2. Mobile apps are currently very limited in terms of advanced sorting functionality, and I don't know where to be looking for improvements in the future, but for a desktop application, I would _highly_ recommend MediaMonkey as one of the most powerful applications (and far less butt-ugly than WinAmp). I believe it does all your sorting points in (2) (the only one I'm uncertain about is the shuffle by album), and its playlists are fantastic, with either standard drag-and-drop, or the smartest smart playlists you can make.

2a. I don't think it's likely that you're going to get a player so intelligent about classical music that it's going to distinguish between different kinds of artists (intelligence is also a confound for 2e), but MediaMonkey has the largest number of customisable ID3 tags that I've seen. I personally use the artist field for performers and conductors; the composer field for composers; and from a maximum of 5, I use 3 renamed custom fields for orchestra, period, and nationality. These are all sortable so that if you ever want to just listen to 20th Century French music for an evening, that portion of your library is just a few clicks away.

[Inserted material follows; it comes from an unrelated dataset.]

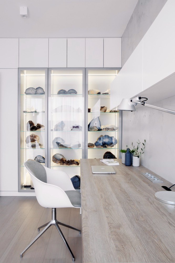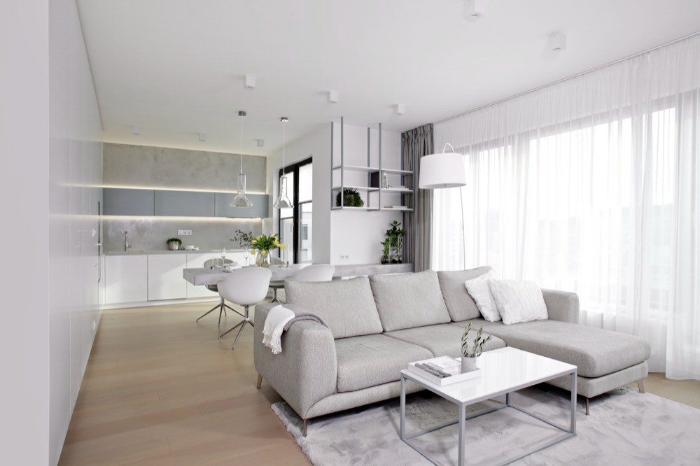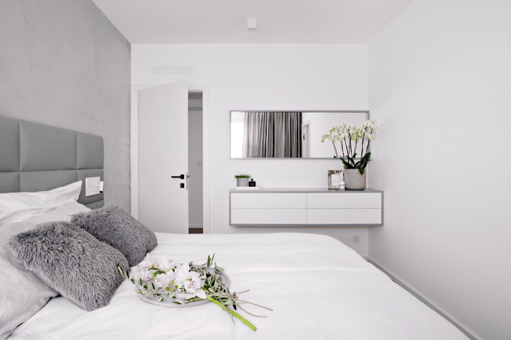 Co se týká stylu, vycházela designérka z toho, že majitelé chtějí moderní a elegantní bydlení, které bude zároveň funkční a praktické s možností snadné údržby a nabídne i dostatek úložných prostor. Eleganci zde tedy zastupuje spojení bílé a šedé barvy spolu s použitím stěrky v imitaci betonu na některých stěnách, dále bílý lakovaný nábytek, vyráběný na míru. Komfort představuje třeba opět na míru vyráběná pohodlná postel s koženým čalouněním. Do čela postele jsou instalovány LED pásky, zásuvky, vypínače a nástěnná světla pro případné čtení a dále i noční stolky. Praktickou funkci plní vestavěné skříně a další zakázkový nábytek navržený designérkou a držící jednotný styl interiéru. Velkoryse je pojatá i bílá kuchyň s dostatečně velkou pracovní deskou z Neolithu a stěnou s úložnými skříňkami a vestavěnými spotřebiči. Nepřehlédnutelným prvkem je částečně levitující jídelní stůl s železnou konstukcí a stěrkovaným povrchem. Na závěr vyjádření designérky Martiny Pištělákové: „Vybavení bytu bylo řešeno na míru potřebám klientům a našim návrhům. Naší snahou bylo vytvořit čistý, ale funkční interiér, který účelně využívá prostory celého bytu a bude svým majitelům dobře sloužit.“

2b. MediaMonkey allows you to put multiple entries in all tag fields, genre included (though this is more important for artist sorting, I'd say). The default separator is ";", but this can be changed.

2c. Another check for MediaMonkey.

2d. How is it supposed to know how to label a track if it doesn't have an initial title?  Personally, I prefer not to have tempo markings in my track titles (I just use movement markers, so, for example, Symphony No. X (Op. Y), I and Symphony No. X (Op. Y), II), so I don't think this should be universally enforced.

3. MediaMonkey has such an auto-organise function if you upgrade to the paid version (everything else is free, but you can actually get the paid version for free, legitimately, if you do a bit of hoop-jumping). You can have it automatically arrange things into folders by tags. So, for example, my current set-up is that I dump MP3s without thinking in a folder called "Recordings", and MediaMonkey automatically rearranges the files into a ~Recordings\<Album Name>\ hierarchy. Obviously, you can change what tags you want to become folders, and you can have as many levels as you like. This is particularly efficient because the application will immediately rename files and folders the instant you change a relevant tag name within the program, and will delete empty folders it created previously if you're no longer using them.

4. I'm personally not big on social functions, but another great thing about MediaMonkey is that you can customise it further with downloadable extensions. I am aware of a last.fm scrobbler, so you can indirectly use their service for sharing.

4a-4d. These are social components that no service offers that I'm aware of, though I don't much care.  Because I don't live in the U.S., I haven't been able to explore Google Music, but it does seem to have some unprecedented sharing functions such as listening to someone else's shared music once for free online.

5. That would be a good idea, although I personally would have no use for it. I'm quite idiosyncratic in my music collection in that I don't care for retaining original albums. Instead, I have a library of "fake" albums - for example, an album called "Brahms: Concertos" which collates the four concertos from three different albums. The main reason I do this is that it makes navigating the library easier, and it also means I don't end up with lots of duplicates that I don't fancy.

6. Online radio is integrated into MediaMonkey with Shoutcast and Icecast, although for some reason I can't get the BBC through these.

6a. I doubt that'll happen for Spotify because they force you to use their own desktop client, however MediaMonkey utilises tabs so that you can browse the internet from within the program, which means that any web-based service such as Grooveshark or Rdio can be used.

7. MediaMonkey also has a great utility for subscribing to podcasts by RSS.


----------



## Philip (Mar 22, 2011)

tl;dr .


----------